WHAT IS EXPECTED - In the data below, repeat the line containing "近日,余杭国际体育中心项目建" and every following line exactly, up to and including the last line. Exclude pictures.

DATASET EXTRACT -
--- START ---

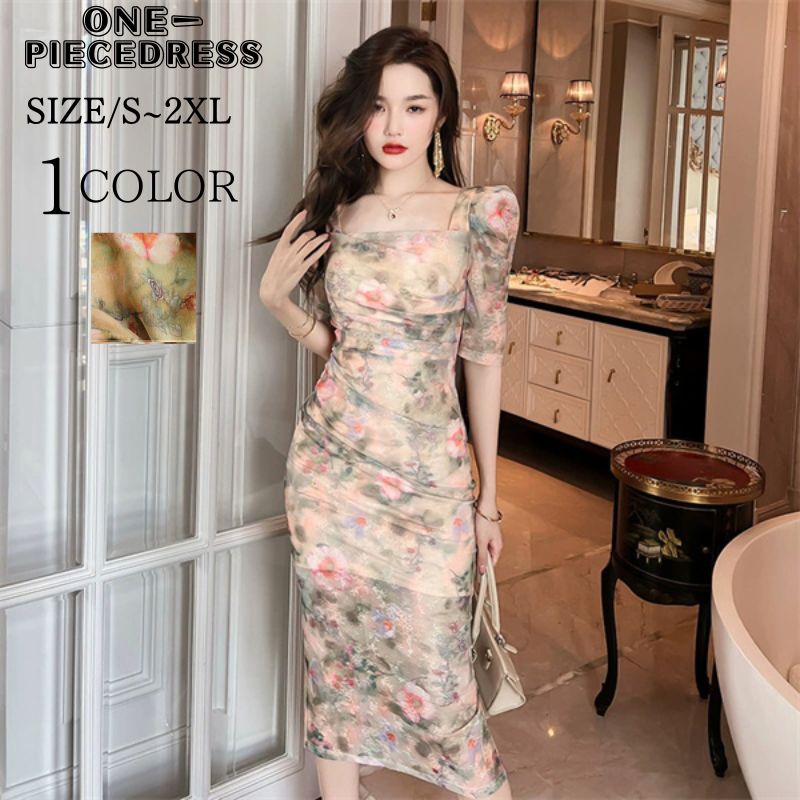 ワンピスドレス タイトドレス パーティードレス フォーマルドレス フラワープリント 姫系 セクシー上品 大人 きれいめ キャバ嬢 お水 結婚式 20代 30代 40代..
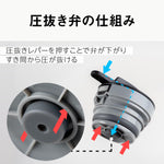 本製品には圧抜き弁が付いており、レバーを押すことで内部の圧抜きができます。密閉性のある容器は熱湯等を入れた際に内部の圧力が上がり、レバーが押せなくなったり、蓋が開かなくなることがありますが、圧抜き弁があることでスムーズに操作できます。また、内圧による中身の噴き出しも軽減します。
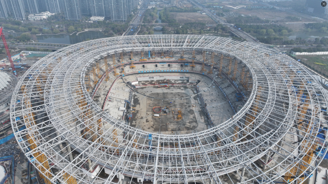 近日,余杭国际体育中心项目建设现场再传捷报,项目索结构张拉圆满完成,场馆“筋骨”已基本成型!
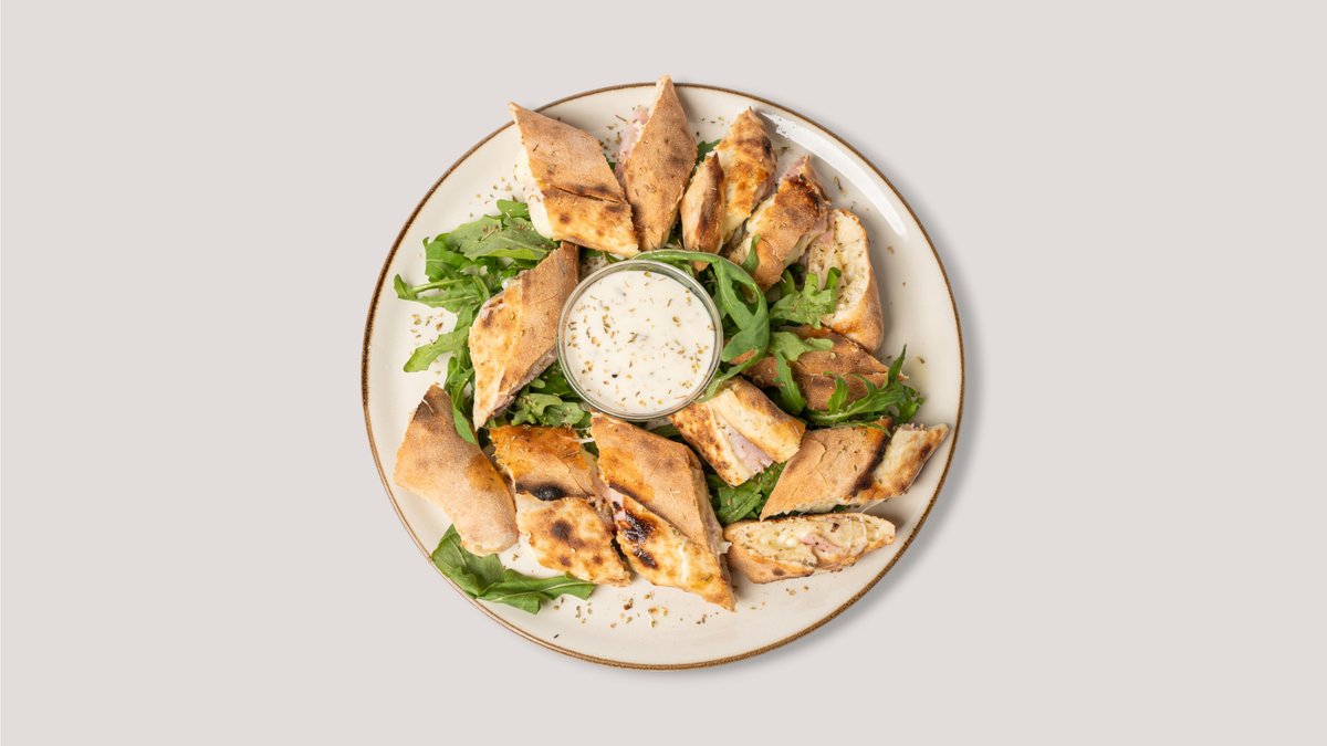 8 Stück gefüllt mit Mozzarella, einer Zutat deiner Wahl und Knoblauch-Dip

--- END ---

WRITTEN RESPONSE -
 近日,余杭国际体育中心项目建设现场再传捷报,项目索结构张拉圆满完成,场馆“筋骨”已基本成型!
 8 Stück gefüllt mit Mozzarella, einer Zutat deiner Wahl und Knoblauch-Dip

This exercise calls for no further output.